In the records below, find the line that holds "ドーセージはドーナッツとソー". Restate it and every later line exactly, stopping at the end and skipping pictures.
***** Records supplied
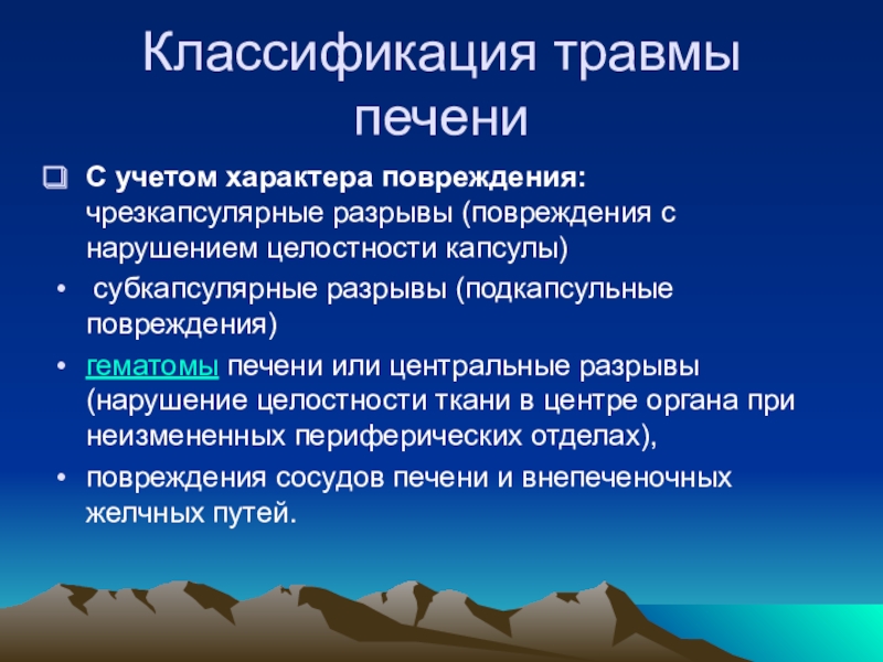 С учетом характера повреждения: чрезкапсулярные разрывы (повреждения с
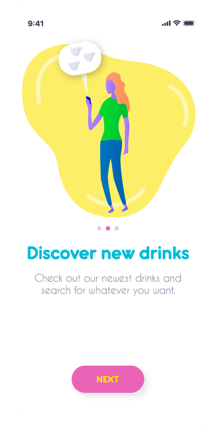 The interface was designed to help users find drinks, order fast and relaod money as easily as possible.
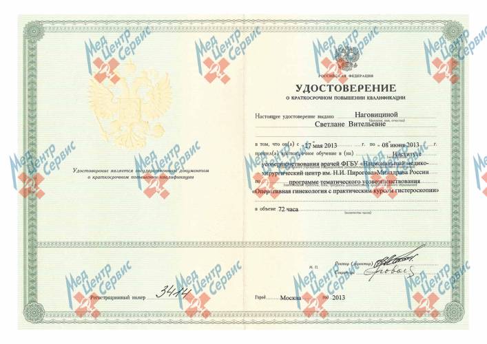 | 2013 г. | Краткосрочное повышение квалификации по программе тематического усовершенствования «Оперативная гинекология с практическим курсом гистероскопии». Институт усовершенствования врачей ФГБУ «Национальный медико-хирургический центр им. Н.И. Пирогова» МЗ РФ |
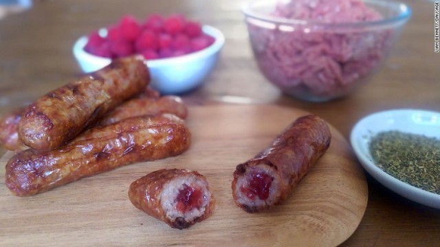 ドーセージはドーナッツとソーセージのハイブリッド食品。豚肉をベースとしたソーセージの中心部に、ラズベリージャムやカスタードクリームなど甘いフィリングが入っている。
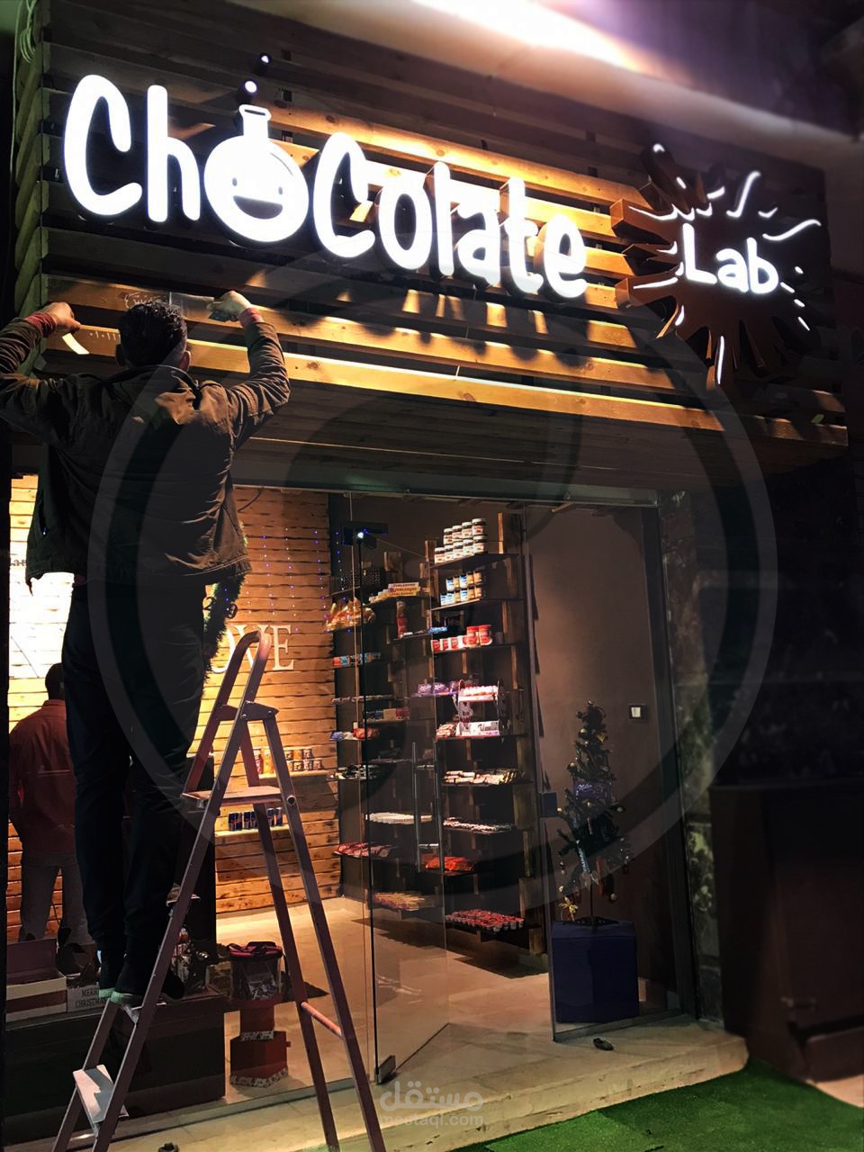 تصميم واجهة محل Chocolate Lap_وتنفيذه من خامتي الخشب المدهون أُستر ،وأحرف من الأكريليك
**********
# [Answer to the exercise]
 ドーセージはドーナッツとソーセージのハイブリッド食品。豚肉をベースとしたソーセージの中心部に、ラズベリージャムやカスタードクリームなど甘いフィリングが入っている。
 تصميم واجهة محل Chocolate Lap_وتنفيذه من خامتي الخشب المدهون أُستر ،وأحرف من الأكريليك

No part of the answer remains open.